Location
- Duce Drive Dawley, Telford, Shropshire, TF4 3JS England 52°39′46″N 2°27′52″W﻿ / ﻿52.66281°N 2.46449°W

Information
- Type: Academy
- Motto: Ensuring Excellence
- Religious affiliation: Not applicable
- Established: 1956 (as Dawley Modern School) 1965 (renamed Phoenix ComprehensiveSchool) 2013 (converted to academy status and renamed Phoenix Academy) 2015 (renamed The Telford Langley School)
- Founder: George Chetwood
- Department for Education URN: 139766 Tables
- Ofsted: Reports
- Headteacher: Emma Blount
- Gender: Coeducational
- Age: 11 to 16
- Enrolment: 1000
- Houses: Chetwood, Ellis, Springwell, Webb
- Website: www.telfordlangleyschool.co.uk

= The Telford Langley School =

The Telford Langley School is a coeducational secondary school with academy status, located in the Dawley area of Telford in Shropshire, England.

Its predecessor, Dawley Modern School, was opened at Pool Hill on 17 September 1956 by Mr George Chetwood, to take children over 11 from four contributory primary schools; there were c. 500 pupils on the roll.
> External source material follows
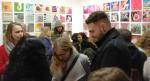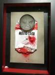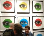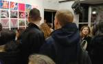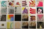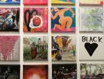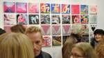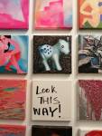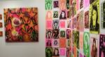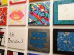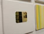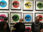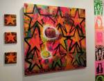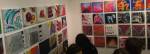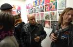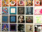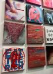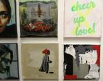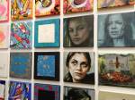 Okay,so we can’t blow our own trumpets that much (it was a damn fine opening and it is a damn fine show though, we do need to blow a little bit), Nothing is Square was (and is) a show featuring 25 invited artists and 97 pieces of identically sized art. 97 slices of art, one piece on a plinth, 96 hanging in a very regimented way on the three white gallery walls. The idea was simple, and no, we’re probably not the first to come up with the concept. The idea was the strict demand that the invited artists all work on exactly the same 20cm square canvas, it seemed like too much for some, we had ot be strict about it, if you didn;t obey the one and only rule then you simply didn’t get in. The hope was that a whole load of diverse artists, styles, thoughts, abstract paint manipulators, pop art printers, situationists, a film maker, a figurative portraitist, and whole mix of things could come together and be hung in a way that united the whole collection as one,

By 1965 when comprehensive secondary education was introduced the school was renamed the Phoenix Comprehensive School (its name coming from idea that it 'rose from the ashes' of its predecessor). The number of pupils had risen to 1,159 by 1980. The main hall, canteen, and gymnasium, were destroyed in an arson attack on 29 December 1995.

The school was at one point in special measures, but standards have improved to the point where in 2007 the school gained a 'good' Ofsted report. The report noted that GCSE A*-C rates were below the national average but the school was commended for the high amount of progress pupils made between Year 7 and 11.

The school converted to academy status on 1 June 2013, and was renamed Phoenix Academy. The school became part of the Telford Co-operative Multi-Academy Trust. The school was moved from Manor Road to Duce Drive at the site of Paddock Mount in September 2013 though the redevelopment of the mount was controversial. In June 2010 a Hollywood-style sign for Dawley was erected on a prominent slope of the mount in protest.

The school was placed in special measures again in April 2015, and changed to a new academy sponsor in September 2015, the Community Academies Trust. As a result of the measures, the school was subject to a re-branding which included changes in staff, uniform, and name. In September 2015, the Phoenix Academy was changed to The Telford Langley School. However, the school was removed from special measures in March 2019.

In September 2021, additions to the existing school building and the construction of a new building finished. This was done as a part of Telford and Wrekin Council's 'Building Schools for the Future' program which put £200 million into upgrading and expanding existing Secondary Schools in the borough, £31 million of which were put into the school.

In July 2022, then-Headteacher Mr Steve Carter retired and Mrs Emma Blount (then-Deputy Headteacher) was appointed as the new Headteacher starting from September of that year.